2. **OpenAI API Key** - For accessing OpenAI models
3. **Google Application Credentials** - JSON file for Google Speech-to-Text service
4. **FoodData Central API Key** - For accessing nutritional data from USDA's FoodData Central

In [None]:
# API Keys Setup
from kaggle_secrets import UserSecretsClient

# Retrieve API keys from Kaggle secrets
# You need to add these secrets to your Kaggle notebook settings first
GOOGLE_API_KEY = UserSecretsClient().get_secret("GOOGLE_API_KEY")
OPENAI_API_KEY = UserSecretsClient().get_secret("OPENAI_API_KEY")
SecretValueJson = UserSecretsClient().get_secret("GOOGLE_APPLICATION_CREDENTIALS") # The JSON content of your Google credentials
OPENFOODFACTS_API_KEY = UserSecretsClient().get_secret("OPENFOODFACTS_API_KEY")

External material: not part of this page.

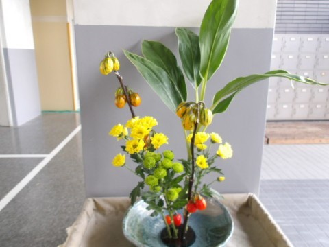 地域ボランティアの野田さんが,玄関にめずらしいお花を生けてくださいました。いつもありがとうございます。
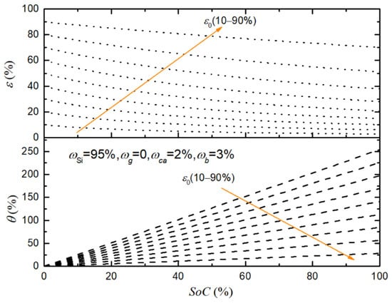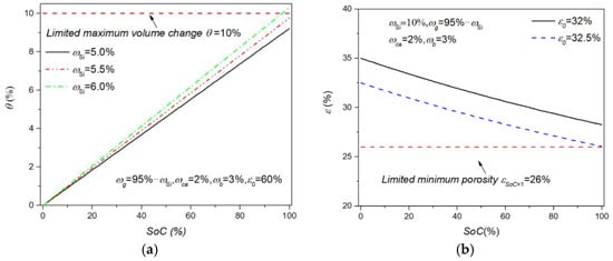 For electrodes with large-volume-change active materials, the initial porosity is a critical design index and is closely related to electrochemical performance due to its possible huge change in electrode structures during battery cycling. Figure 3 shows the evolution of the electrode’s porosity and volume change with SoC during lithiation for different initial porosities, obtained from Equations (15) and (17). As expected, the porosity has a descending trend during lithiation, and the volume change of electrodes increases with increasing SoC. The real-time porosity of Si-based electrodes with a single Si active material has a large change amplitude (e.g., 4–30%), which may result in significant fluctuations of electrochemical parameters and performance. In addition, the change in porosity obtained by the model is relatively more moderate in contrast to the case that limits the swelling of the Si-based electrode dimension [], as in our model the electrode deforms its dimension without extra restrictions. For changes in electrode dimensions and porosity originating from the microscopic deformation of active particles, we can observe from Figure 3 that the former generally accounts for a larger fraction than the latter; that is, the volume change in electrode dimensions is more noticeable than the change in porosity, indicating that allowing electrodes to expand freely alleviates the huge variation in porosity and the relevant mechanical stress inside the electrode. For example, for Si-based electrodes with ωSi = 10%, ωca = 10%, ωb= 10%, ρca = 1.6 g cm−3, ρb = 1.76 g cm−3, and ε0 = 52% [], the predicted porosity reduction of ~11% and volume expansion of ~29% are comparable with the measured values of 8% and 35%, respectively. However, it is inevitable for Si-based electrodes to suffer constraints imposed by the other battery parts in battery assembly. Furthermore, the large deformation of electrodes requires the corresponding reserved space during the manufacturing process, which damages the accessible energy density of the batteries. In addition, the increasing room provided by the larger initial porosity can better accommodate the volume change of Si particles, causing a decrease in the volume change of electrode dimensions. Therefore, it is necessary to tailor the initial porosity according to the permitted limit of volume change of the electrodes.

### How to Set Up Your API Keys in Kaggle

1. **FoodData Central API Key**:
   - Sign up at [USDA FoodData Central API Key Signup](https://fdc.nal.usda.gov/api-key-signup)
   - After registration, you will receive an API key via email
   - In your Kaggle notebook, add this key as a secret named `OPENFOODFACTS_API_KEY`

2. **Google API Key**:
   - Create a project in [Google Cloud Console](https://console.cloud.google.com/)
   - Enable the APIs you need (Maps, Search, etc.)
   - Create an API key in the Credentials section
   - Add this key as a Kaggle secret named `GOOGLE_API_KEY`

3. **Google Application Credentials**:
   - This is required specifically for Speech-to-Text services
   - In Google Cloud Console, create a service account
   - Generate a JSON key file for this service account
   - Copy the entire content of the JSON file
   - Add the JSON content as a Kaggle secret named `GOOGLE_APPLICATION_CREDENTIALS`

4. **OpenAI API Key**:
   - Sign up for an account at [OpenAI](https://openai.com/)
   - Generate an API key from your account dashboard
   - Add this key as a Kaggle secret named `OPENAI_API_KEY`

#### Adding Secrets to Kaggle:
1. In your Kaggle notebook, click on the '⚙️' icon (Settings) in the right sidebar
2. Go to the 'Secrets' section
3. Click 'Add-in secret'
4. Enter the secret name (e.g., `OPENAI_API_KEY`) and value
5. Click 'Save'

Note: If you don't have access to certain APIs, you can adjust the code to work with the APIs you do have access to.